A high-profile controversy about a very sick child in England is reminiscent of the Charlie Gard case of last summer, which evoked comment from even Pope Francis.
And even though the case of Alfie Evans is medically different from that of Charlie Gard, there are similar ethical principles, said a leading bioethics organization in the U.K.
“Every human life is worthy of respect, and patients’ lives should not be targeted deliberately, although not every treatment is worth pursuing,” said the Anscombe Bioethics Centre, a national Catholic bioethics center for the UK and Ireland, in a statement. “Doctors should not be forced to continue treatment if they believe it offers little or no benefit relative to the burdens it entails, nor should they be forced to refer for specific treatments that they do not believe to be in the best interests of their patient.”
Alfie Evans is the 20-month-old son of Tom Evans and Kate James, from Bootle, Merseyside, who has a degenerative neurological condition that has not been precisely diagnosed.

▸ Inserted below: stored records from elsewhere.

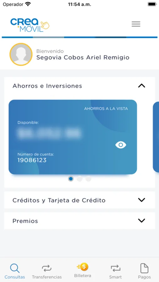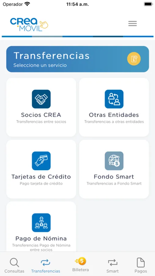 Aplicativo móvil de la Cooperativa de Ahorro y Crédito CREA para la realización de operaciones financieras.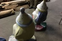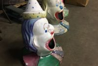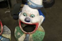 Vintage fiberglass amusement park clown trash can lid toppers in as found condition. Nice overall shape with some minor dings and cracks. 3 available, all needing some cleaning, paint touch up and perhaps some minor restoration. You be the judge. After cleaning, all will display well. Sold by the piece………….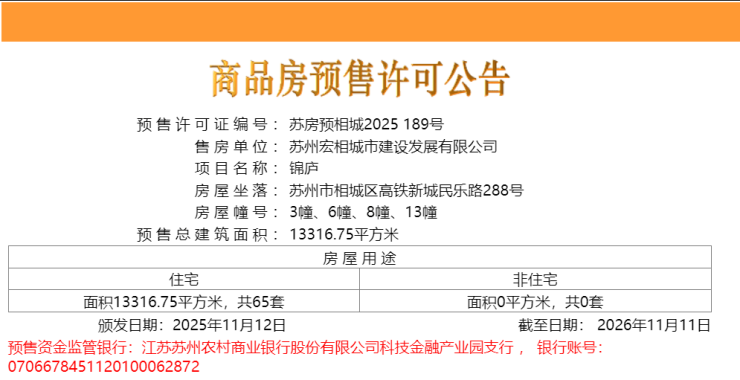 在拿地约8个月之后,位于高铁新城的绿城宸庐就取证了!

Doctors at Alder Hey Children’s Hospital have told the High Court that continuing treatment would be “futile.” Today, according to the note published by BBC, “Alder Hey Children’s Hospital argued that continuing to treat the 21-month-old, who has a mystery illness, was ‘unkind, unfair and inhumane'”.
His parents, Tom Evans and Kate James had hoped to prolong Alfie’s life with treatment at a hospital in Rome.

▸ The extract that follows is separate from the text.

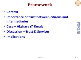This document discusses the role of trust between citizens and intermediaries in electronic governance programs. It uses the example of Akshaya, an e-governance program in Kerala, India. The program was successful due to factors like local intermediaries with ICT skills who were trusted within the community. However, intermediaries needed to be part of established institutions to be fully effective. The study found trust was highest for e-payments and entitlement services where intermediaries represented trusted government institutions, but lower for agricultural and health information services. Institutional membership and a multi-purpose role were important for intermediaries to build trust.

A court already heard, earlier this month, that MRI scans show further decline of the toddler’s brain.
A doctor treating Alfie said the boy was “unaware and in a deep coma,” according to the BBC.

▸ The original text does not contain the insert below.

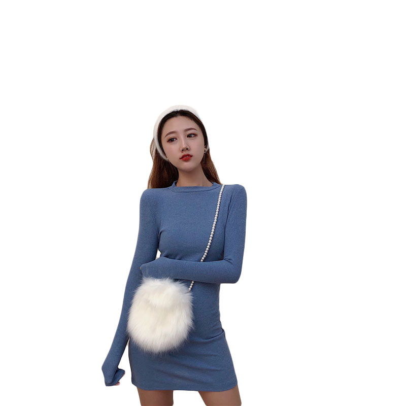 秋裝女2018新款圓領修身顯瘦套頭長袖中長款針織連衣裙包臀打底裙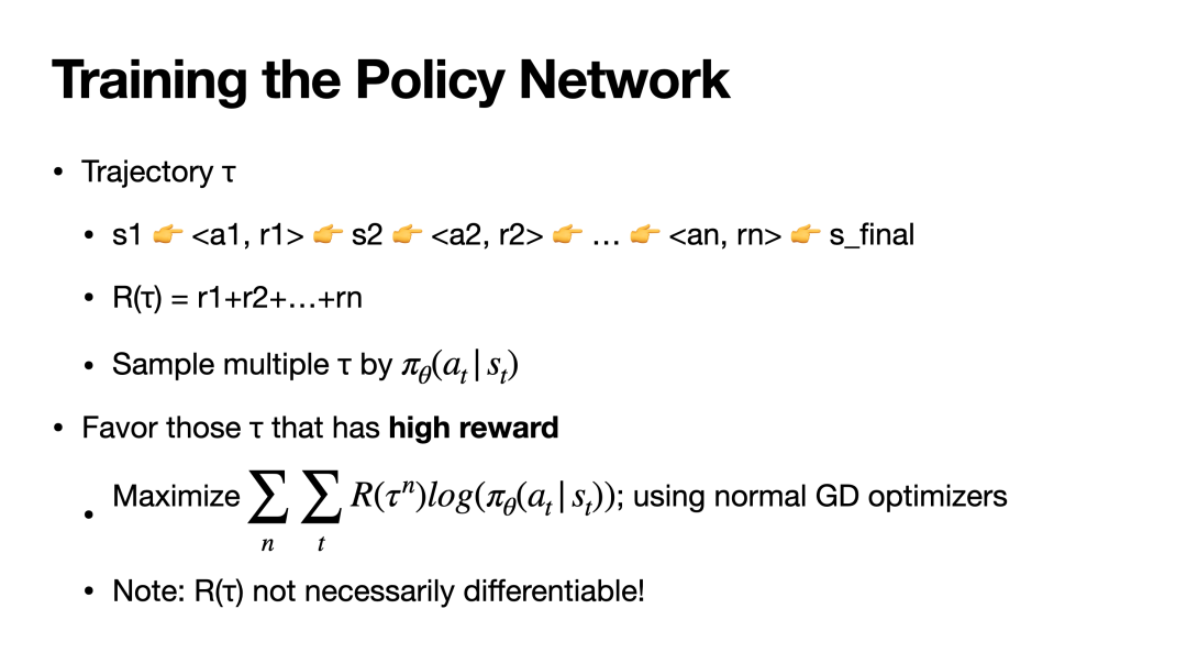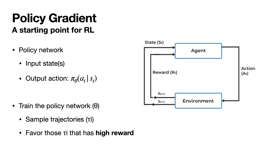 不难发现,上图中的公式就衡量了给定策略下采样若干轨迹所能得到的期望奖励,利用梯度上升优化这一目标即可使得策略往“奖励更大”的方向优化,即得到更优的策略。这一直接的思路被称为策略梯度,是RL的基础方法之一。

But the boy’s father insists he is aware and showing improvement and wants him to be allowed to travel to a specialist hospital in Rome.
Michael Mylonas, the lawyer representing the hospital, said last week that, at the request of the parents, three medical experts from the Vatican-linked Bambino Gesu Pediatric Hospital in Rome had visited Alfie and had reached the same conclusions in terms of the “complete futility” of trying to find a cure or alleviating his seizures, the BBC reported:
The Italian experts had suggested operations to help Alfie breathe and feed and keep him alive for an “undefined period.” But Dr Martin Samuels, an expert in the ventilation of children, believed such operations were “inappropriate.”
Meanwhile, another set of parents are fighting a High Court judge’s ruling that doctors can stop life-support treatment to their brain-damaged 11-month-old. A hospital wanted to give only palliative care to Isaiah Haastrup as staff felt continued life-support was “not in his best interests.” As of today, Haastrup’s father has been banned from the hospital his son is in, for the second time.
The fact that two such cases were in the news in the same week drives home the point that Calum MacKellar, research director of the Scottish Council on Human Bioethics, was making in an interview on Monday.
“A lot of these kinds of problems have arisen from new technology,” said MacKellar, who declined to comment on the specifics of the present cases. “A lot of these kinds of children would already have died if new technology had not been developed. And these kinds of ethical dilemmas will multiply in the future, as more and more technology becomes available to keep people alive.”
Though it is rare for there to be serious conflict between parents wishes and the best judgment of medical professionals, MacKellar added, courts will continue to have to intervene in order to ensure that the best interests of children be respected.
“From an ethical perspective it all depends on whether these children would be dying without the external support that is being given to them. If they cannot survive without all the equipment and they are dying, it would be considered ethical to say ‘enough is enough. We can’t really do that much to save these children,’ … and therefore all the life support equipment and machinery should be interrupted, not of course to kill the child, but just let the child die from natural causes.”
On the other hand, doctors should not prevent competent patients from seeking life-sustaining or palliative care or treatment from another doctor, the Anscombe Centre argued. “Indeed, patients have a right to a second medical opinion and a general right to seek alternative treatment,” said its statement. “In the case of children, it is the parents who have prime responsibility for their own child and this responsibility entails the right to protect their child’s interests as they see them. Parental rights, which exist for the sake of the child in the first instance, should not be taken from parents unless they have been shown to have acted unreasonably and put their child at significant risk. Doctors do not always get things right in treatment or care, and where parents have lost faith in the doctors caring for their child they may seek treatment and care for their child elsewhere. If the child can be moved without undue risk or burden, the parents should normally be permitted to transfer the care of their child to other suitably qualified doctors, whether in this country or abroad.”
In the case of Alfie Evans, it is “not clear that the treatment itself is causing Alfie to suffer and it is not clear whether Alfie may not still be able to experience some simple pleasures such as having his arm stroked,” said Anscombe, which declined to comment further on the Evans and Haastrup cases.
Anscombe cautioned against deciding that a life should come to an end because it is seen as “worthless” or due to illness or disability. “No human life is worthless, and treatment may only be withdrawn for the right reasons, such as lack of resources or undue burden in relation to its benefits,” it said.